Characterizations of I-semiregular and I-semiperfect rings

TL;DR

This paper introduces and characterizes I-semiregular and I-semiperfect rings using (locally)projective I-covers and I-supplemented modules, generalizing existing concepts and providing new characterizations.

Contribution

It defines (locally)projective I-covers and uses them to characterize I-semiregular and I-semiperfect rings, extending prior work with new module-theoretic approaches.

Findings

Characterization of I-semiregular rings via projectivity classes.

Characterization of I-semiperfect rings using I-covers.

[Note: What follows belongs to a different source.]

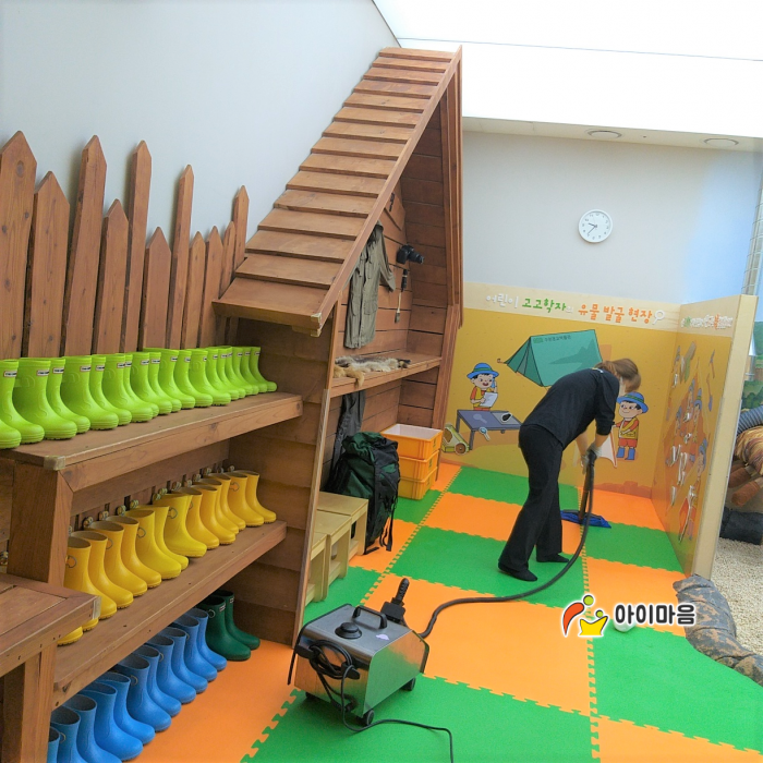 광교박물관 어린이체험실 편백나무칩과 시설물을 스팀세척살균소독 하였습니다.

Introduction of I-supplemented modules and their role in ring characterization.

Abstract

Let $M$ be a left module over a ring $R$ and $I$ an ideal of $R$. We call $(P, f)$ a (locally)projective $I$-cover of $M$ if $f$ is an epimorphism from $P$ to $M$, $P$ is (locally)projective, $Kerf\subseteq IP$, and whenever $P=Kerf+X$, then there is a projective summand $Y$ of $P$ in $Kerf$ such that $P=Y\oplus X$. This definition generalizes (locally)projective covers. We characterize $I$-semiregular and $I$-semiperfect rings which are defined by Yousif and Zhou [19] using (locally)projective $I$-covers in section 2 and 3. $I$-semiregular and $I$-semiperfect rings are characterized by projectivity classes in section 4. Finally, the notion of $I$-supplemented modules are introduced and $I$-semiregular and $I$-semiperfect rings are characterized by $I$-supplemented modules. Some well known results are obtained as corollaries.